> [PROVIDED RECORDS]:
____________________

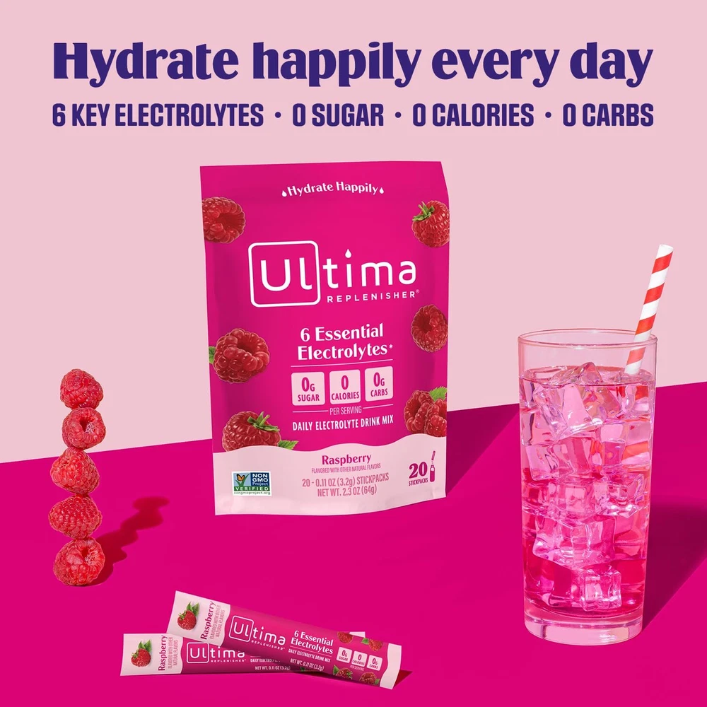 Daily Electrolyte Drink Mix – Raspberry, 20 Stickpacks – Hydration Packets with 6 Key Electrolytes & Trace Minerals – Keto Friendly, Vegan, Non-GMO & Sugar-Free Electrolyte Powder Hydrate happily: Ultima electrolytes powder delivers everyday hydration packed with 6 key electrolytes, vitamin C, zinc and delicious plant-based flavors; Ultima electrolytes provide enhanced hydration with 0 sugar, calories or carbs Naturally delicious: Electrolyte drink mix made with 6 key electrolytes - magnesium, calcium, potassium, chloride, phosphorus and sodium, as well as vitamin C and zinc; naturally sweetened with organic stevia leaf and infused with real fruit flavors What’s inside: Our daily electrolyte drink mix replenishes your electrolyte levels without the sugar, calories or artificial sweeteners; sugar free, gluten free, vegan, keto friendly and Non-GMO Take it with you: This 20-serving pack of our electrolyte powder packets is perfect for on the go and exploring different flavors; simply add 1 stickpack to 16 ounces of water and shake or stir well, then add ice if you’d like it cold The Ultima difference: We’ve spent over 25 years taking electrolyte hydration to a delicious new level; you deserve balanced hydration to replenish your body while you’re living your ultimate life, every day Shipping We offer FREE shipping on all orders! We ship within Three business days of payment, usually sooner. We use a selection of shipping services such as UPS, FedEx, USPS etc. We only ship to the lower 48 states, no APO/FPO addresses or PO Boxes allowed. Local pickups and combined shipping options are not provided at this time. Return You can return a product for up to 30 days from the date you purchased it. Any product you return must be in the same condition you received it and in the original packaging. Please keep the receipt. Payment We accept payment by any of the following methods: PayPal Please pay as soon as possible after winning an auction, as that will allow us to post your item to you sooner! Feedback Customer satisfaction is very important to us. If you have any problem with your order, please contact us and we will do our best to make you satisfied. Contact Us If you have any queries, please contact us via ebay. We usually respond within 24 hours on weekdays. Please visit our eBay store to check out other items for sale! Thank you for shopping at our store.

____________________

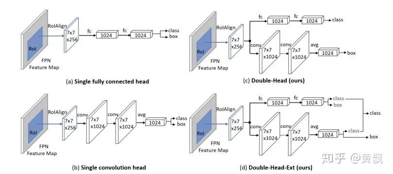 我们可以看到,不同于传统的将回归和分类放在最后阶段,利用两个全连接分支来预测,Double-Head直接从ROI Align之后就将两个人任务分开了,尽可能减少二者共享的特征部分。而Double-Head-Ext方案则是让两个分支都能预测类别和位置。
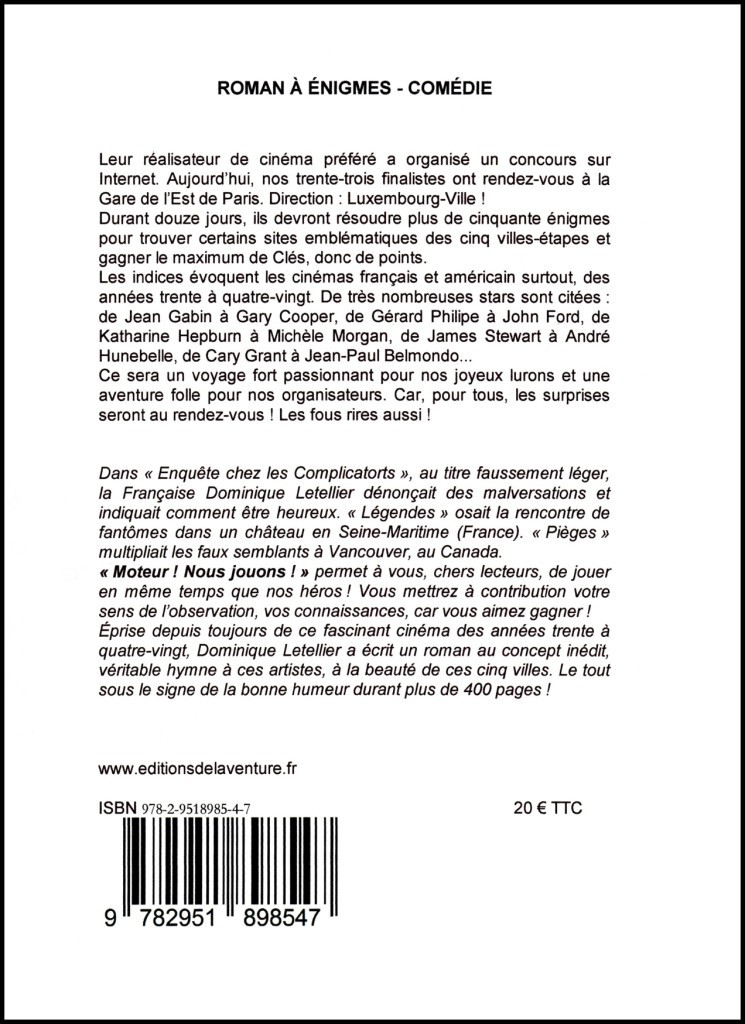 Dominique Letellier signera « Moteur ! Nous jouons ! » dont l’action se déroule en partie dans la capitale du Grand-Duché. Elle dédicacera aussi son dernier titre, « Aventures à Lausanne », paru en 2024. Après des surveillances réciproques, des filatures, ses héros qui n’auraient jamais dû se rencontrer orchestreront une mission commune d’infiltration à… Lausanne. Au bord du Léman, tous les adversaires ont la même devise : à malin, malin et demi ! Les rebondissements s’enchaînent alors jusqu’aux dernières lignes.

____________________

> [WHAT IS NEEDED]:
Only one part of the listing is wanted: the lines from the one containing "我们可以看到,不同于传统的将" through the one containing "Dominique Letellier signera", both included. Please transcribe it exactly, leaving out the pictures.

> [RESULT FOR THIS TASK]:
 我们可以看到,不同于传统的将回归和分类放在最后阶段,利用两个全连接分支来预测,Double-Head直接从ROI Align之后就将两个人任务分开了,尽可能减少二者共享的特征部分。而Double-Head-Ext方案则是让两个分支都能预测类别和位置。
 Dominique Letellier signera « Moteur ! Nous jouons ! » dont l’action se déroule en partie dans la capitale du Grand-Duché. Elle dédicacera aussi son dernier titre, « Aventures à Lausanne », paru en 2024. Après des surveillances réciproques, des filatures, ses héros qui n’auraient jamais dû se rencontrer orchestreront une mission commune d’infiltration à… Lausanne. Au bord du Léman, tous les adversaires ont la même devise : à malin, malin et demi ! Les rebondissements s’enchaînent alors jusqu’aux dernières lignes.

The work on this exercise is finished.